Не случайно мертвых в России любят больше живых. Мертвый, он уже вроде как точно страдалец. Если бы можно было умирать, одновременно оставаясь живым, эти люди были бы самыми любимыми. Сентиментальность – главное качество русского человека. Правда, где сентиментальность, там и жестокость, ибо жестокость рождается от желания жалеть. В том числе самого себя. За собственную жестокость. Часто действительно вынужденную. Почти все жестокие исторические персонажи на Руси были сентиментальны. Наверняка, Разин, утопив княжну, долго потом размазывал пьяные слюни и плакал, коря сотоварищей: «Шо ж вы меня не остановили, дурня такого?» Да и Иван Грозный все время каялся и тоже рыдал. Посадит кого-нибудь на кол и рыдает – себя непутевого перед образами винит. Можно ли представить рыдающим какого-нибудь татаро-монгольского хана? Нет. А русского правителя легко. Это замкнутый круг, по которому ходит сознание русского человека. Жестокость необходима, но без сентиментальности она не дает ощущения осмысленности. Суть греха и покаяния в том, чтобы провести черту между праведным и неправедным. Но глубинная суть заключается в том, чтобы слегка перетянуть грех на сторону добра, смягчить его. Раз покаяние без греха бессмысленно (за что же каяться?), значит, добро бессмысленно без зла. Таким образом, зло – необходимый спутник, а стало быть, и помощник добра. Возлюбить ближнего своего – задачка хитрая. С какой такой радости, спрашивается? А уж возлюбить его, как самого себя, – почти невозможно. Но ведь можно огреть этого самого ближнего чем-нибудь тяжелым по голове, и тогда все обретет смысл: ты полюбишь его за страдания, а себя полюбишь за то, что сострадаешь тому, кого ты только что приложил. Или, как остроумно написал Шекспир, «она его за муки полюбила, а он ее за состраданье к ним».
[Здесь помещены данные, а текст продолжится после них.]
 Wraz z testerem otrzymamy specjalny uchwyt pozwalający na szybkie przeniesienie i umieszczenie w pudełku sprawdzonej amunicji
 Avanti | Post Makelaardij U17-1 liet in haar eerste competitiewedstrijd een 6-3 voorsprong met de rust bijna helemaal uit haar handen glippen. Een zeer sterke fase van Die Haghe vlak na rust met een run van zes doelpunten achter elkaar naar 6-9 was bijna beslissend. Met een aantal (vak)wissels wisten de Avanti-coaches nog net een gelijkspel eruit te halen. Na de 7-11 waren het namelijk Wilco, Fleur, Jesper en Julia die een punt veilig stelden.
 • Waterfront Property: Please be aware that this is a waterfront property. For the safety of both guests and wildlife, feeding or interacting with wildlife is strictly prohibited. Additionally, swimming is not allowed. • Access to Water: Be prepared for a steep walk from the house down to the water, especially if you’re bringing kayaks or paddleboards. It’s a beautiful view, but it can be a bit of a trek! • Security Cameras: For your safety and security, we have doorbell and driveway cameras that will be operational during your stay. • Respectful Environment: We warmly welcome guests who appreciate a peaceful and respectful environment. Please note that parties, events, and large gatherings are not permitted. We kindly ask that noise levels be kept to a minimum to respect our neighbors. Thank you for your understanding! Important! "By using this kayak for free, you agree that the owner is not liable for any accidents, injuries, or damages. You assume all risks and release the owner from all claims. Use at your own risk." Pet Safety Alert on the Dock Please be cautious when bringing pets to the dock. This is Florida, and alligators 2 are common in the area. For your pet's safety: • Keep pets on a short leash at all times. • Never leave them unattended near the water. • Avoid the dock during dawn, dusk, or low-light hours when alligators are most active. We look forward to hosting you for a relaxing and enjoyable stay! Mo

Так что Тимофей со своей заботой о подгоревших книгах был истинным сыном своего народа. Однако поразительно другое. Одновременно с народным простодушием в Терешине уживались и классические черты русского интеллигента – он много читал, много думал, а главное, переживал за судьбу страны и испытывал чувство жалостливой вины перед простым народом, хотя сам являлся частью оного. Правда, роз без шипов не бывает. Вследствие чтения различных книг, включая медицинскую литературу, которую граф Чернецкий, судя по всему, особенно охотно собирал, Терешин развил в себе ипохондрию, граничащую с фобией. Он периодически находил у себя симптомы различных тяжелых, а то и смертельных заболеваний. Несколько раз ложился помирать, а время от времени ходил топиться (видимо, чтобы избавить жену от роли сиделки). Это уже стало своеобразным ритуалом, к исполнению которого присоединялись все невидовцы. Слава богу, на всякую выдуманную заразу у него имелось отличное противоядие в виде жены Галины, которая своим здоровым деревенским скепсисом восстанавливала нарушенный баланс. Она давно смирилась с привычкой мужа хоронить себя заживо.
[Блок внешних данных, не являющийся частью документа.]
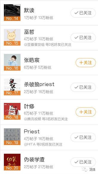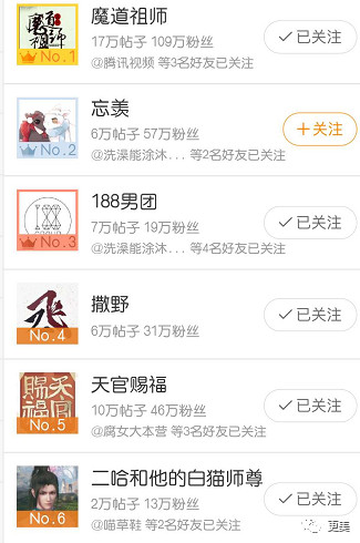 微博读书超话排行榜前几名基本都是耽美小说与耽美作者,像《魔道祖师》的墨香铜臭,《镇魂》的P大,还有《撒野》的巫哲都位列其中。
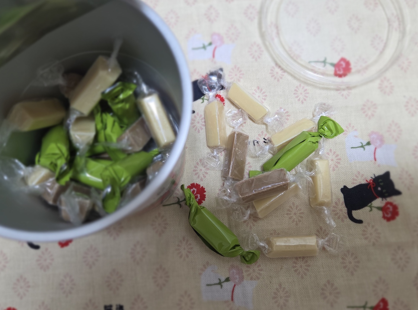 연두색 포장지는 말차맛인데 색상이 너무 예쁩니다 색상도 예쁘지만 맛이.....하...말차맛에 밀크맛이 진하게 더해져서
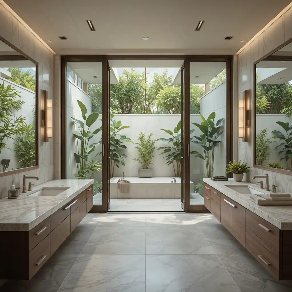 If you live in a warm climate, create an indoor-outdoor bathroom with sliding doors leading to a private courtyard or garden shower.
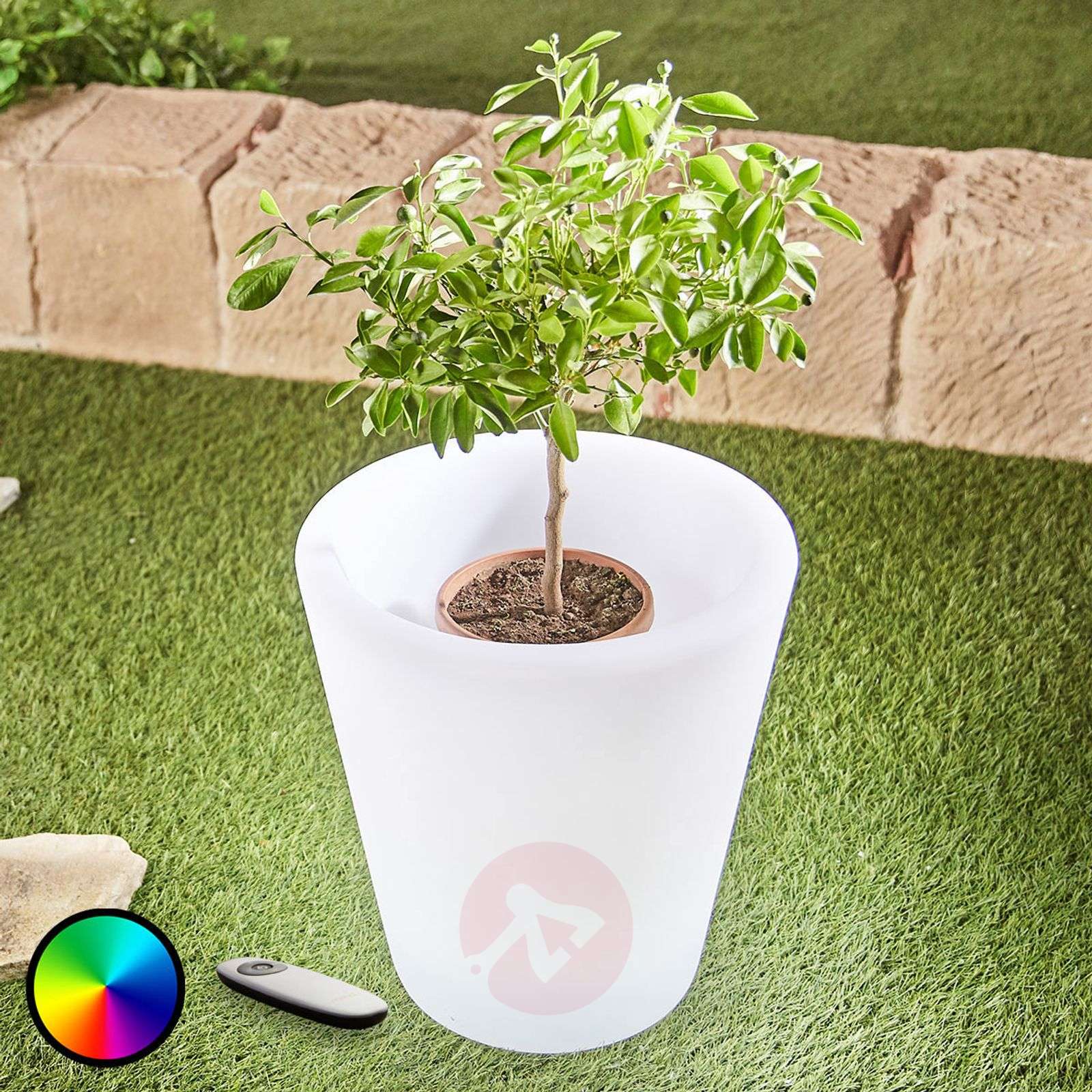 Świecąca doniczka Leyra z LED RGB i pilotem Leyra to piękny element oświetleniowy do ogrodów, na tarasy i balkony. Doniczka wykonana jest z białego plastiku i może emitować światło o barwie uniwersalnej bieli oraz kolorowe światło RGB. Do sterowania funkcjami zmiany barwy światła służy pilot znajdujący się w zestawie, pozwalający stworzyć scenariusz świetlny według upodobania użytkownika oraz zanurzyć podwórko w ładnym świetle, zapewniającym ciekawe efekty. - 8-12 godzin pracy akumulatora Klasa efektywności energetycznej: A+
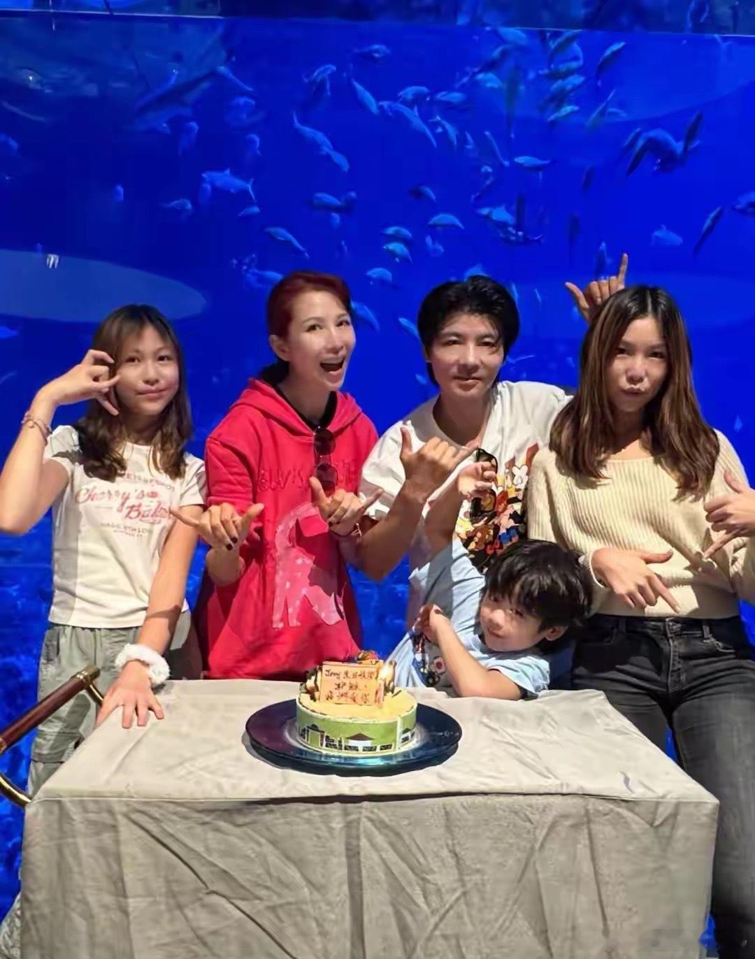 蔡少芬一家为儿子庆生,两女儿染黄发像双胞胎,6岁joey长相帅气!
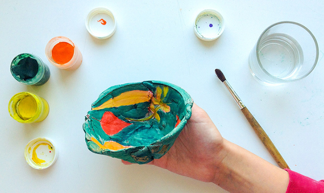 Коли тісто затвердіє, знімаємо його з тарілки, акуратно видаляємо з тіста листочки: важливо, щоб пропечатали їх прожилки. Тепер зафарбовуємо окремо рельєфи листя, окремо фон. Як тільки фарба висохне, робота готова. Тісто можна замінити глиною: тоді саморобну тарілочку можна потримати деякий час в духовці, щоб обпалити, і потім використовувати як звичайний посуд.

– Галя, – говорил Тимофей, выходя во двор, бледный от осознания своей скорой кончины. – У меня рак.
– Срак, – беззлобно отвечала жена.
– У меня все симптомы налицо.
– На заду у тебя все синтомы твои, а не налицо, – чертыхалась Галя, но, бросив доить козу, все-таки шла осматривать мужа. В течение короткой процедуры осмотра она произносила несколько нецензурных слов и рассказывала о похожих симптомах у кого-то в своем роду. Тимофей мгновенно успокаивался и как будто воскресал. Но только, чтоб через неделю-другую обнаружить у себя очередную смертельную болезнь. И если Галя опаздывала с осмотром, шел топиться. Не всегда, но раз в месяц как минимум. И тогда невидовцы шли его спасать. Не потому, что питали глубокое уважение к начитанности последнего. Главными достоинствами Терешина в глазах односельчан были его рукастость и изобретательность. Эдакий чудак-Кулибин, который имеется в любой деревне. И если интеллигента уважают, но не шибко любят, поскольку чувствуют его чужеродность, то мастера на все руки не только уважают, но и любят. При этом, конечно, считают слегка не от мира сего. Пошел бы топиться интеллигент, вряд ли кто-то побежал его останавливать, а Кулибина надо спасать.
Тимоха действительно был головаст и рукаст. У него имелись изобретения на любой вкус. Он мог из ничего соорудить механическую поливалку, которая распределяла накопленную дождевую воду на рассаду. Мог составить такую строительную смесь, которая не пропускала воду и держала и холод, и тепло в зависимости от внешней температуры. Единственное, что раздражало Тимофея, это недоверие невидовцев к техническому прогрессу. Когда Терешин предложил им провести электричество, те наотрез отказались. И сколько ни пытался Тимофей продемонстрировать им достоинства лампочки и простоту управления ветром, ничто не могло убедить односельчан. Радиоприемник, который он собрал, также не вызвал особого интереса. Невидовцы посчитали, что это чистое баловство, ибо в радио никакого практического смысла, на их взгляд, не было.
– Ну как же, – кипятился Терешин. – Теперь можно узнать, что где происходит, услышать о дальних странах и разных интересных людях.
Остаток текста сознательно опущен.